No problem, says Baker: for on her
view, Fatso is a person: he is a person derivatively, in virtue of
constituting something (viz me) that is a
person nonderivatively. Quite generally, when one
thing constitutes another, each has some of its characteristics derivatively
and others nonderivatively. To possess a property
derivatively is to possess it in virtue of constituting or being constituted by
another thing that has the property nonderivatively
(that is, independently of its constituting or being constituted by anything
else).
In this and other contexts,
however, it is far from clear that Baker’s new distinction helps. For, first,
her solution obliges her to introduce some ad hoc rules about how to
count persons in order to dodge the charge that since both Fatso and DM are
persons, she is committed to the absurd thesis that there are two persons where
I am; secondly, the solution does no more than push the original objection one
stage back. For what is the difference between Fatso and DM that makes the
latter a person nonderivatively, while the former is
merely derivatively a person? As before, since they are atom-for-atom exactly
alike, in what can this difference consist?
Baker’s ultimate response to such
challenges is that is that the demand for an underlying explanation for the
alleged differences between Fatso and DM can just be dismissed: that DM, but
not Fatso, is a person nonderivatively is simply a
brute fact which admits no further explanation. This, however, seems no less
bizarre than the standard constitution view’s claim that, without there being
any explanation for this fact, DM, but not Fatso, is a person.

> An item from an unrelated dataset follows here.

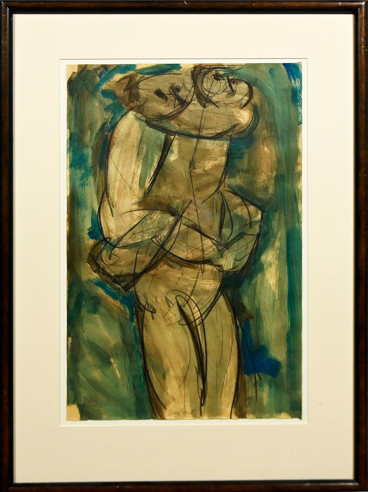 crayon, ink and wash on paper
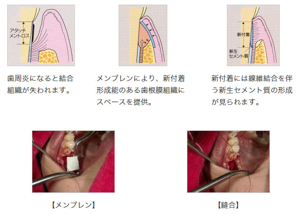 歯周病によって失われた歯と歯の周りの組織の付着を再生させるという治療法です。吸収性と非吸収性の膜があります。

The strangeness of Baker’s
position would be less of a problem if she could offer strong reasons to
believe that some version of the constitution view must be correct. But her
account of the motivation for her view is in fact the weakest part of the book.
The central objection to animalism
has always been based on considerations of the following kind. Plausibly, being
a person essentially involves the possession of certain sophisticated
psychological characteristics. Human beings, however, are not essentially
psychologically endowed at all. When he was an early-stage foetus in my
mother’s womb, Fatso had no significant psychological characteristics at all,
because his brain was as yet insufficiently developed. My mother’s womb
contained a human being, but no person. So, Fatso existed before I did. And since
nothing can exist before itself, the conclusion drawn is that the person and
the human being must be two things, not one.
But animalists have a different
account of such cases. It is true that there was once a human being, but no
person, in my mother’s womb. But it does not follow that the subsequent
appearance of the person DM was the arrival on the scene of a new entity
different from the human being. Rather, according to animalists, what happened
was that one thing—Fatso—came to qualify as a person. Since on this view
I am the very same thing as Fatso, this means that I existed before I was a
person. But this, animalists insist, is no stranger than the obvious truth that
I existed before I was a philosopher.
The crucial question in this area
is whether there is any compelling reason to reject this alternative view.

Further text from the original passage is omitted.